Гермиона Грейнджер, непревзойдённый планировщик, руководствующийся логикой и идеалами, раньше представляла себе свой первый раз сладким и чувственным, уютным и романтичным. Она предполагала, что это будет с кем-то её возраста, возможно, с Роном, который будет неуклюж и серьёзен; но это была лишь туманная фантазия, которую теперь прогнала горячая реальность Северуса Снейпа, кусающего её за шею и ищущего зубами пульсацию на её горле. Каменный пол впился ей в поясницу там, где задрался ее джемпер. Одна из его обтянутых брюками ног оказалась между ее бедер, и она инстинктивно прижалась к ней.

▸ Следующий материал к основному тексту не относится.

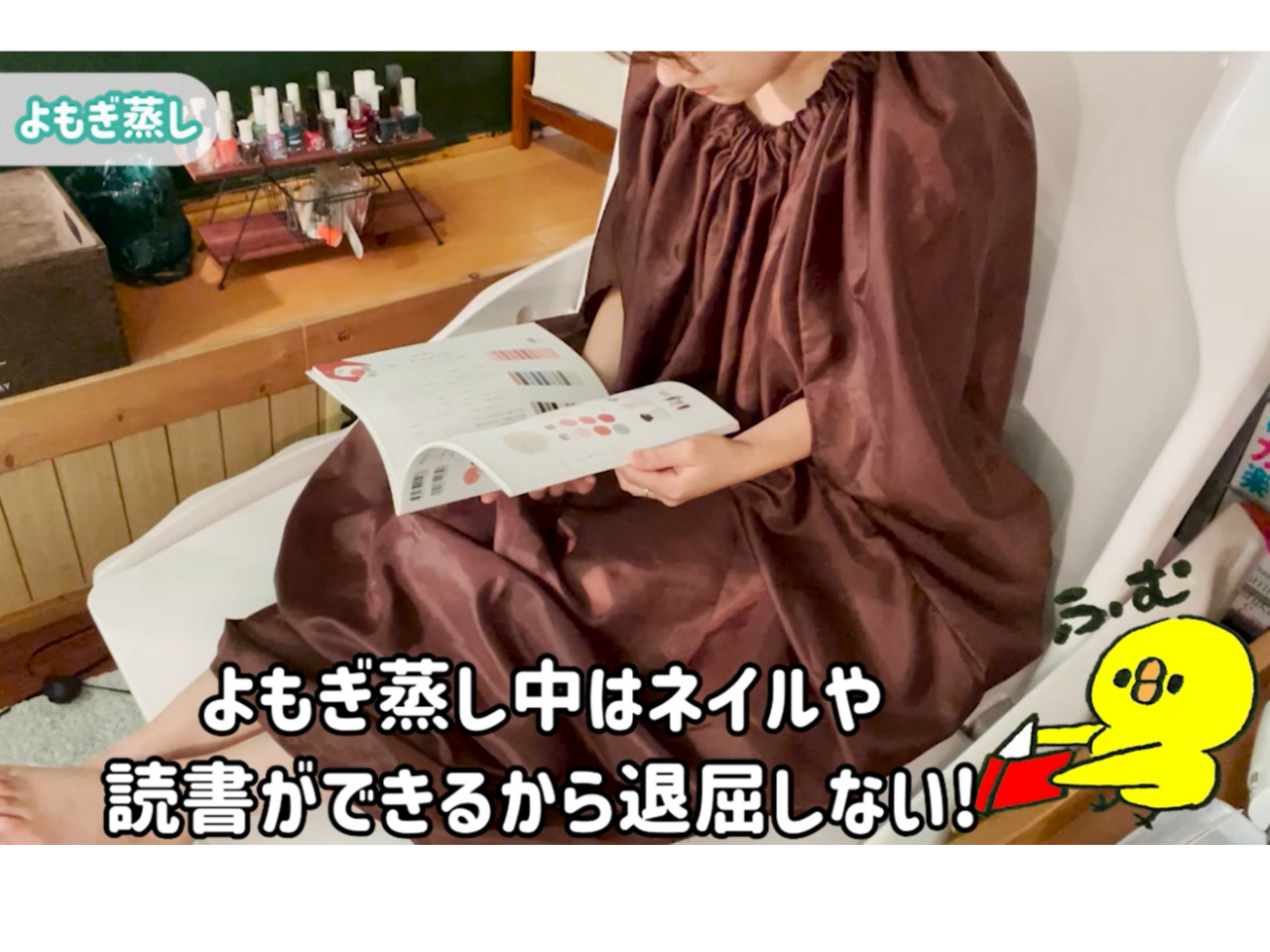 裸に専用ガウンを着て、皮膚や吸収の良い膣粘膜から蒸気を取り込み、身体を末端まで温めます。
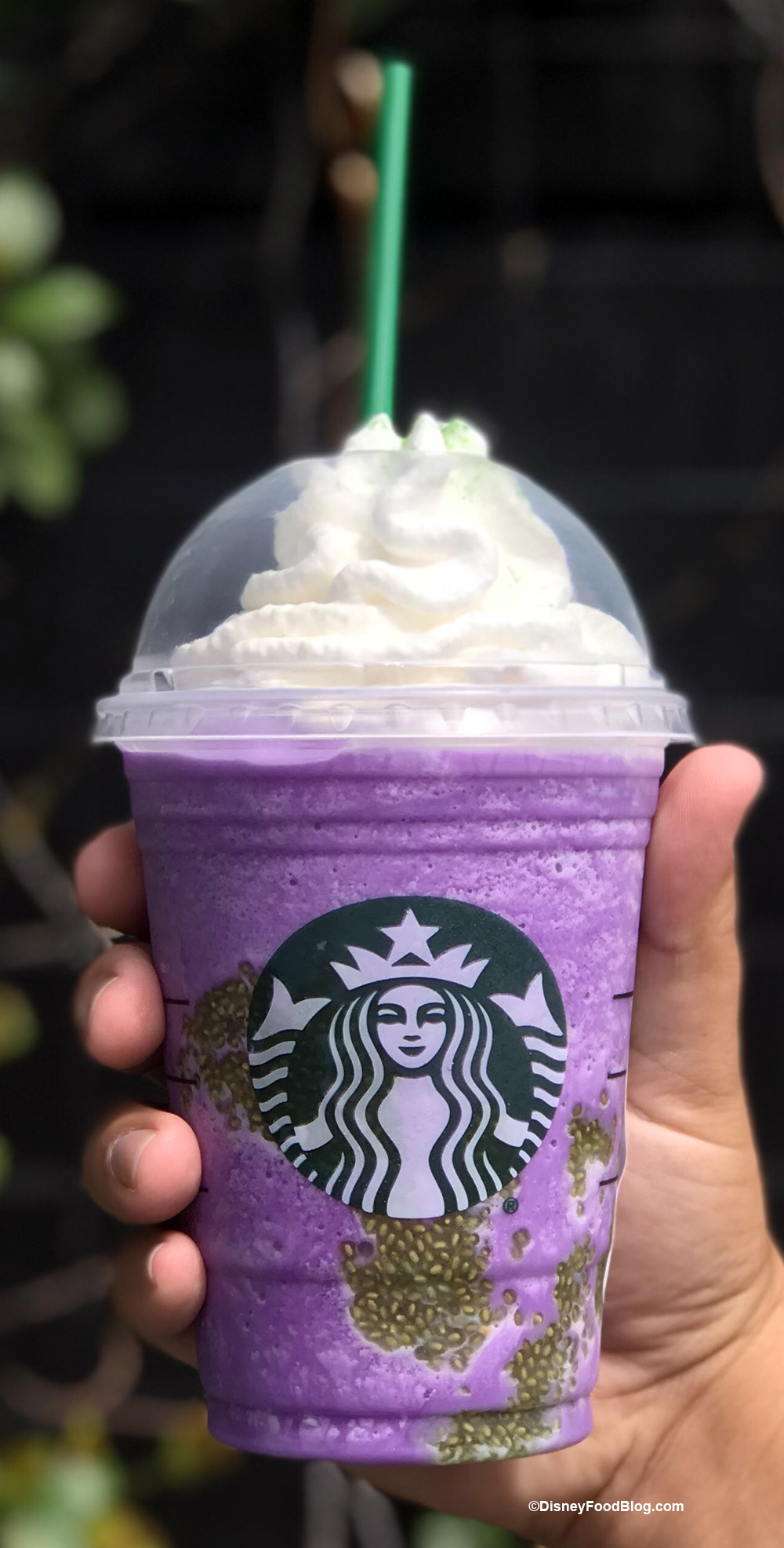 Starbucks describes this as a blend of Toad’s Breath (the purple), a swirl of Bat Warts (the chia seeds), and a dusting of lizard scale powder (the green sugar sprinkled on the whipped cream). Right off the bat (pun intended), our Brew was light on the “Lizard Scale” — can you see it in this picture? We promise it is there!
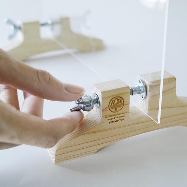 同製品は、半世紀にわたって神社へ奉納する木製品を製造してきた「フジセン」と、デザイナーとの協業によって生まれたクランプ式の木製スタンド。素材は浜松天竜産のヒノキ(FSC森林認証材)。台座が板を挟むクランプを兼ねており、用途に応じた板を組み合わせることで“欲しいサイズぴったり”のパーテーションをその場で作ることができるようになっている。
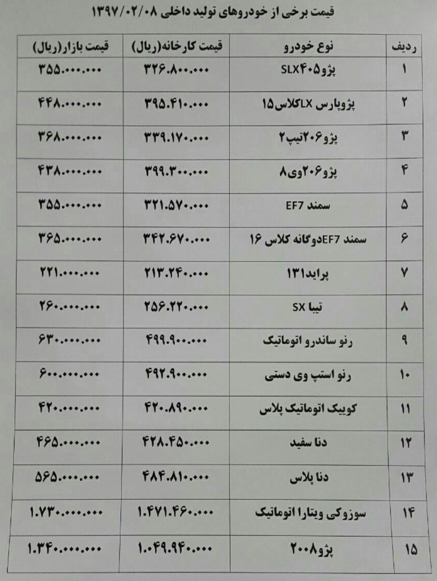 همچنین ساندرو استپ وی اتوماتیک هم با افزایش ۳ میلیون تومانی با قیمت ۷۱ میلیون تومان، پژو ۲۰۶ صندوق دار با افزایش ۲ میلیون و ۵۰۰ هزار تومانی با قیمت ۴۳ میلیون و ۸۰۰ هزار تومان، پژو ۴۰۵ اس ال ایکس با افزایش ۱ میلیون و ۵۰۰ هزار تومانی با قیمت ۳۵ میلیون تومان، تندر پلاس با افزایش یک میلیون و ۲۰۰ هزار تومانی با قیمت ۶۰ میلیون و ۲۰۰ هزار تومان مورد معامله قرار می گیرد.
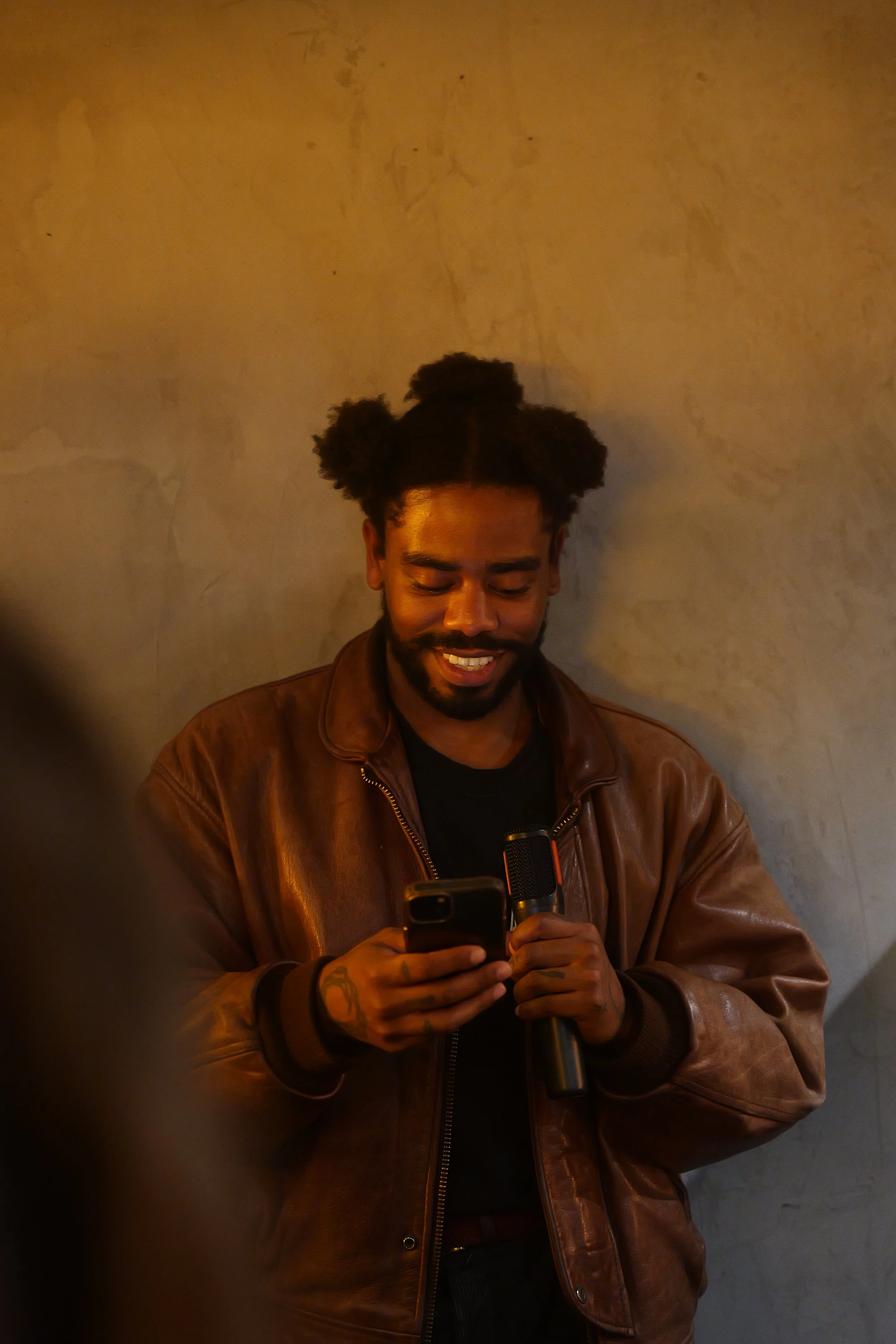 Un homme souriant portant une veste en cuir marron, tenant un téléphone portable et un micro, se tenant contre un mur beige

Изданный ею звук не походил на человеческий, когда она перебирала пальцами его длинные темные волосы, очарованная идеей вот так прикоснуться к нему. По какой-то причине его руки, скользнувшие с ее бедер вверх под свитер и огладившие контуры ее грудной клетки, ощущались более интимно, чем если бы он запустил ладонь ей под юбку. Ощущение было щекочущим, и Гермиона зажмурилась, его горячее дыхание коснулось ее уха, заставив ее задрожать.

— Сними, — приказала она, отрывая пуговицы от его рубашки, и Северус, повинуясь ее приказу, залился беззлобным смехом. Она смотрела, как он раздевается, любуясь тем, как перекатываются мышцы на его плечах, когда он стягивает ткань со своего торса. В слабом свете камина, когда он наклонял голову, он был похож на картину эпохи Возрождения: золотой треугольник света затемнял половину его лица.

Она провела рукой по его груди, чувствуя биение его сердца. Выражение его лица было угрожающим, едва сдерживаемым, но он был неподвижен, как хищник, выслеживающий свою жертву.

— Ты хочешь меня? — спросила Гермиона, ее голос был задыхающимся и тихим. Ей нужно было услышать его ответ.

Его темные глаза сверкнули. Ответ прозвучал как прерывистое, сиплое шипение.

— Дааа.

Она раздвинула ноги и провела руками по его груди, вцепившись ему в бока. Ее ногти впились в поджарые мышцы, полумесяцами вгрызаясь в его плоть.

— Тогда продолжай, — с вызовом сказала она и с силой провела ногтями по его бокам, заставив мужчину вздрогнуть. Вдоль его ребер появились розовые линии, следы от ее ногтей.

— Чертовка, — сказал он без злобы, с благоговением, и, прильнув к ней, яростно поцеловал. Ее джемпер бесцеремонно задрался, и его большая рука грубо коснулась груди. Гермиона замерла. Рана на ее груди не была болезненной, но была видна, и, конечно же, он не захотел бы смотреть на это, не захотел бы…

Его голова склонилась к ее груди, оставляя на чувствительной нижней стороне груди засос. Она ждала, что он перевернет ее, чтобы не смотреть на ее лицо и изуродованное тело, чтобы суметь хотя бы притвориться, что она — та, кого он хочет…

Но его длинные пальцы нежно коснулись выпирающей, сморщенной плоти ее шрама, который все еще был воспаленным и выглядел свежим.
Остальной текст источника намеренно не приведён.